No, give me a spiral-bound school notebook, 70 pages, wide ruled with a nice wide left margin. Don’t like how a story is going? Rip it out, and all that remains are the usual spiral-notebook confetti.

The notebooks are perfect for brainstorming, writing down random thoughts and images in the hopes of sparking a new story or column. Cross them out, draw arrows to connect thoughts, doodle little pictures- the sky’s the limit. Better yet, the unused lists can hang around in their cheap cardboard covers, waiting for inspiration to strike.

They’re inexpensive enough this time of year that I can have a separate book for each major writing project, or categories like this column, mystery stories or haiku poetry. And not so precious I won’t scrawl the project title across the front using a permanent marker.

Volunteers sort the donations from the 2023 Stuff-A-Bus campaign, and ready them for distribution to school districts.

And the medium of composition?
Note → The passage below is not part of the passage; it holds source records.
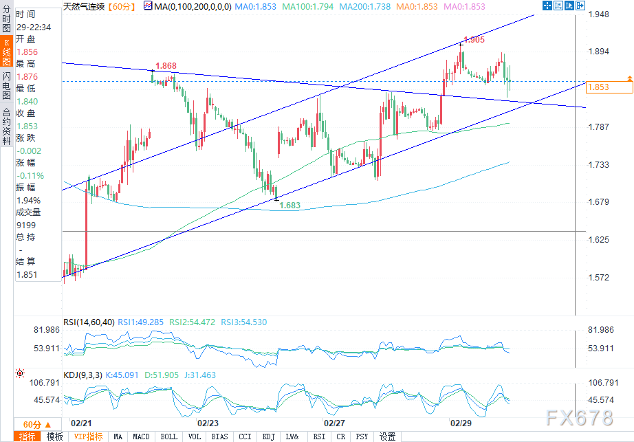 天然气价格在1小时时间框架内仍然呈上升趋势,从上升通道的支撑位反弹。价格可能从这里开始瞄准通道顶部1.900美元,尽管技术指标看起来好坏参半。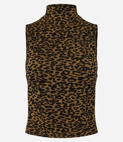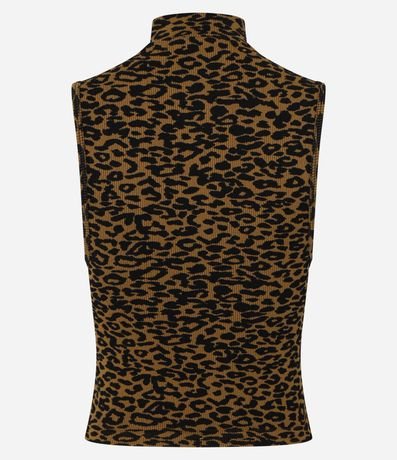 Ref: Blusa sem manga com golinha alta, confeccionada em poliamida, seamless e com estampa animal print, oncinha.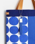 白地にブルーのドット柄を基調に、表と裏でデザインが違う2デザインフラットトートバッグを作りました。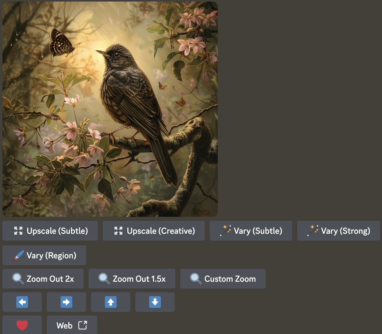V버튼 클릭 또는 확대된 이미지 아래🪄 Vary (Subtle)버튼 클릭
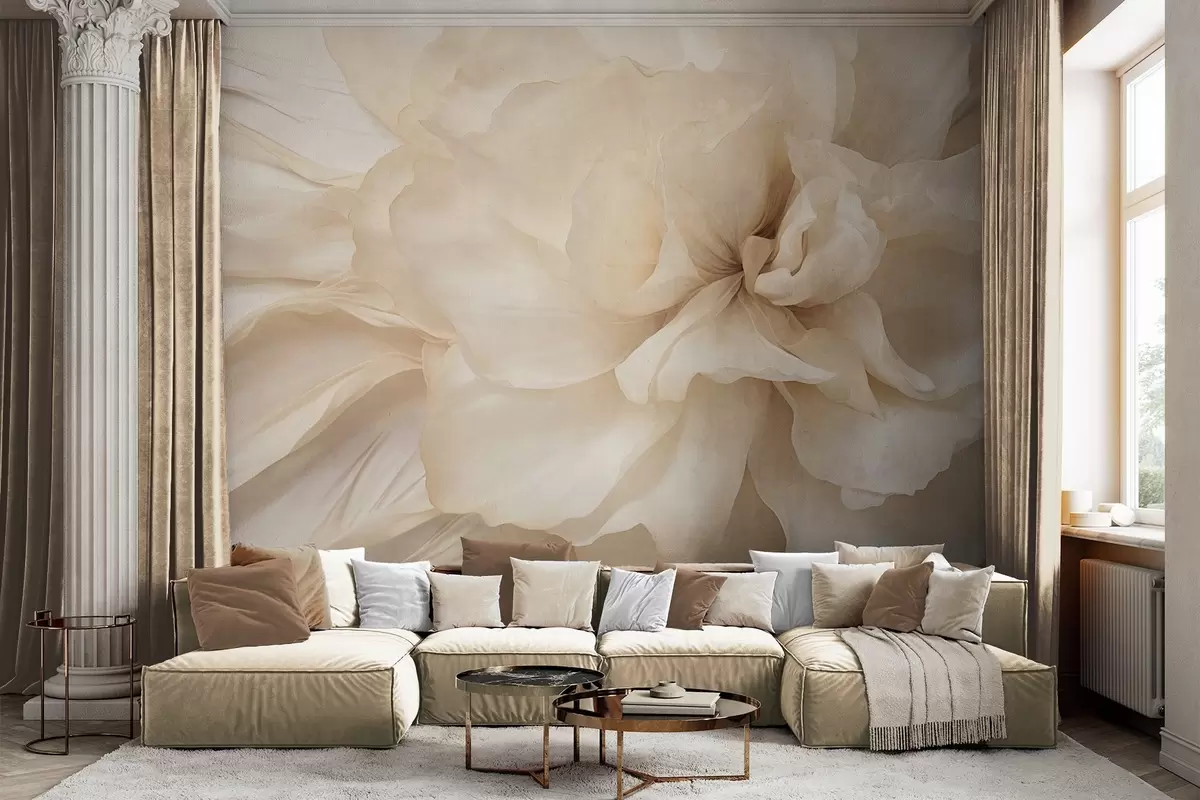 Fototapeten Zarte, helle Blume mit strukturierten, durchscheinenden Blütenblättern und weichem, abstraktem Hintergrund N° w09632

No. 2 wooden pencils, the old-fashioned kind, with an extra big, pink eraser perched on top. They can be sharpened to perfection with those little handheld plastic pencil sharpeners that catch the curly, wood shavings and are on sale during August and September. I buy several so I can replace them when the sharpener blades grow dull along about January.
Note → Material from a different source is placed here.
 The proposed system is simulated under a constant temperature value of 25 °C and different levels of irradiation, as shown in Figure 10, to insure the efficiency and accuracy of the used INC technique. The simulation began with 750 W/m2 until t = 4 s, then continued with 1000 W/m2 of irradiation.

Cheap pocket folders hold my research notes, finished stories and publishing contracts.

And then there’s the sticky notes. I use them for everything from flagging information to look up, holes that need to be filled and marking places in writing books. I love to find the latest colors and use them to color coordinate notes and mark different categories of events: writing deadlines, doctor appointments and friends’ and family birthdays (as you may recall from a recent column, I love sending cards.)
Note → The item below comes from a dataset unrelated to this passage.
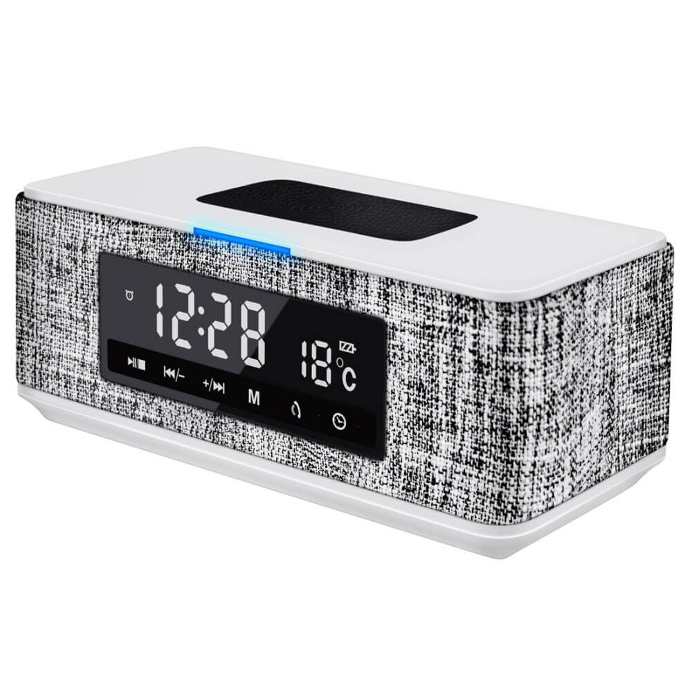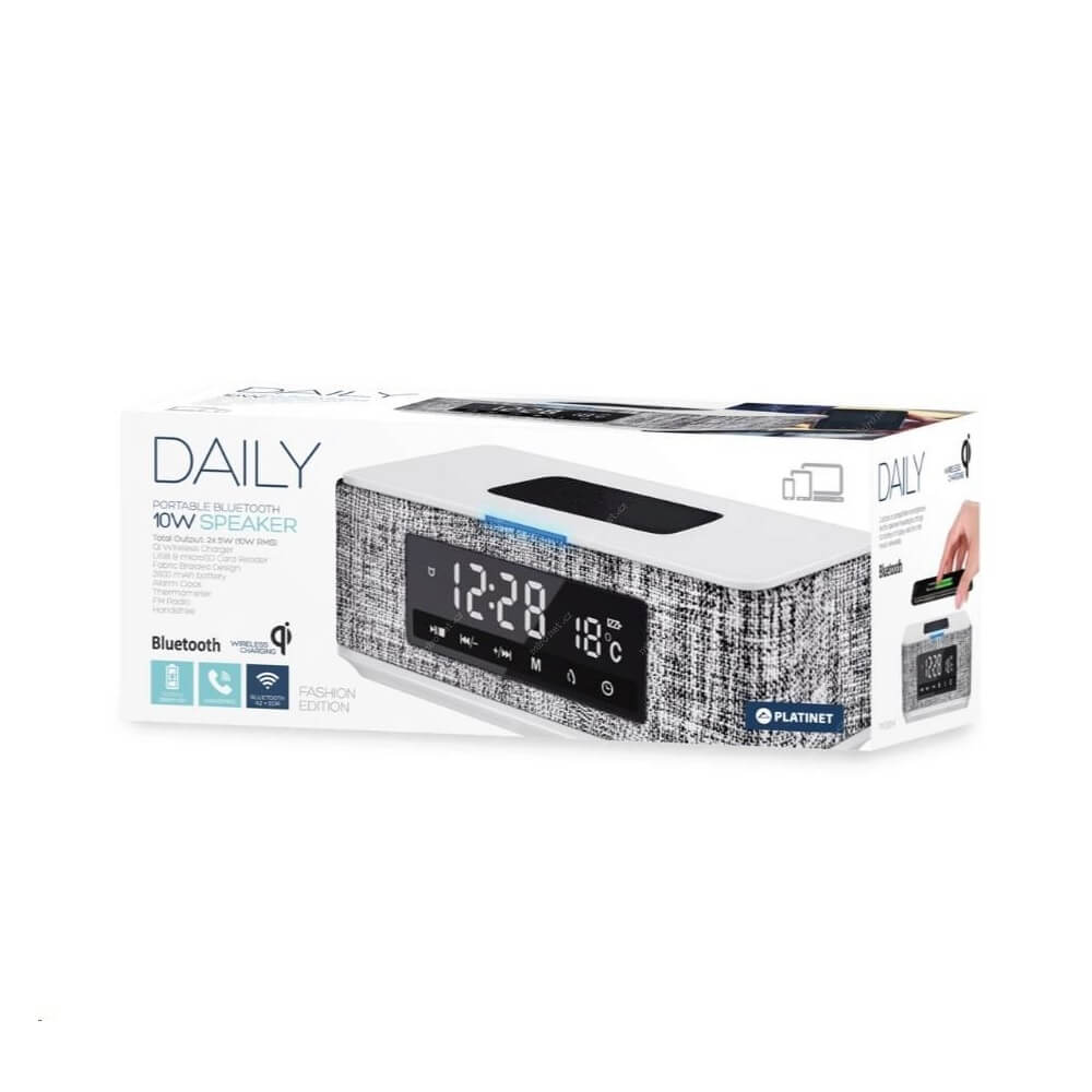 Platinet Speaker Daily Bluetooth, QI, FM And Clock - безжичен портативен спийкър с FM радио, часовник с аларма и поставка за безжично зареждане (бял)

As I said above, I may not have grandkids, but there’s always a school supply drive or two to further justify my obsession with shopping for school supplies. Case in point, the United Way Stuff-A-Bus campaign.

Stuff-A-Bus was begun by the Oswego County United Way’s Success by 6 program in 2003 to help families to provide their children with the supplies necessary for learning. Their website tells us the program was created to fulfill two goals: to provide necessary supplies and to give community members a day to volunteer and give back.

As an employee at SUNY Oswego, I was involved during Success by 6’s early years, and Stuff-A-Bus is dear to my heart. I’ve tried to donate to Stuff-A-Bus in every year since.

They work with all nine school districts in the county and serve students at the elementary, middle school and high school levels.

According to United Way Executive Director Patrick Dewine, the program distributed 38,829 supplies to 1,652 students in 2023, equipping them for the chance of success in the academic year.

Any leftover supplies are boxed up and sent to each school building, where teachers can distribute them to students who may have just moved into the district or changed schools or otherwise missed the original distribution. So the numbers of kids helped are actually higher than that statistic.

The program has lists of necessary supplies, donation drop-off points and distribution locations on the United Way of Oswego County website: oswegounitedway.org.

Newly added to the wishlist are water bottles, snacks and headsets.

Buses will be set up for stuffing at various locations Wednesday, August 21. Several local grocery stores and pharmacies have bins to drop off donations for students whose families are struggling to get the tools kids for academic success.

Other local areas have their own versions of the school supplies drive, or if not, you can check with your own district office to see if you can drop off donations there.

So whether you are shopping for your kids, grandkids, nieces and nephews, yourself or worthwhile programs like the United Way’s Stuff-A-Bus, I hope you enjoy back-to-school shopping season and savor that new crayon smell.